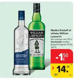 3Carrefour Market Wodka eristoff of whisky william lawson's aanbiedingWodka eristoff of whisky william lawson's 70 clCarrefour Market€ 15,99€ 14,49-1.50€28 januari 202603 februari 2026 Bekijk aanbieding
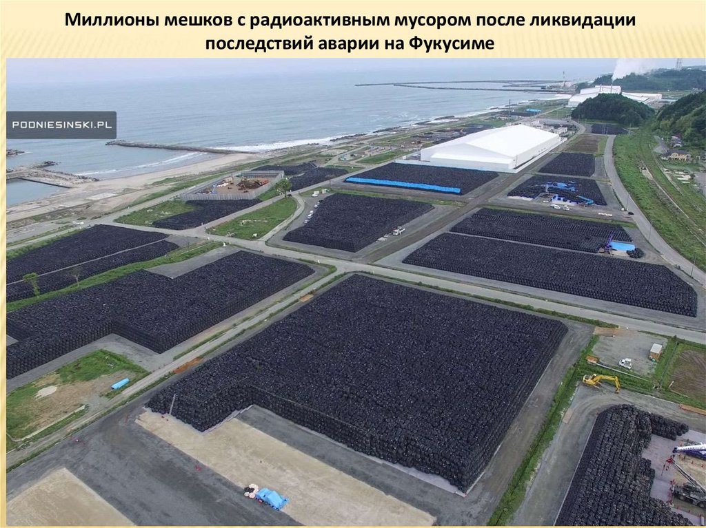 Миллионы мешков с радиоактивным мусором после ликвидациипоследствий аварии на Фукусиме
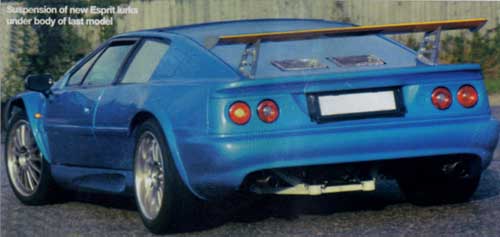 Unfortunately this isn't the new Esprits body! According to the motoring magazine, it's just the new suspension being tested on the old body. The article says very little about the new Esprit (as they more than likely don't know anything), only mentioning that various engine options are being looked at and now not to discount the old Lotus V8 turbo being used.From what you can see above, there's some nice touches to this test vehicle. LEW would love to get hold of the 350 style wing, mounted further forward and the engine vents look kind of cool. Not so sure about the front wheel arches and the Max Power style wheels. But as the chance of seeing any of this on the new Esprit is very unlikely, its a bit irrelevant.

» **YOUR INSTRUCTIONS**
Only the lines from the top of the material above down to the line bearing "Миллионы мешков с", that line included, should be set down exactly; no pictures.

» **ANSWER AREA**
 3Carrefour Market Wodka eristoff of whisky william lawson's aanbiedingWodka eristoff of whisky william lawson's 70 clCarrefour Market€ 15,99€ 14,49-1.50€28 januari 202603 februari 2026 Bekijk aanbieding
 Миллионы мешков с радиоактивным мусором после ликвидациипоследствий аварии на Фукусиме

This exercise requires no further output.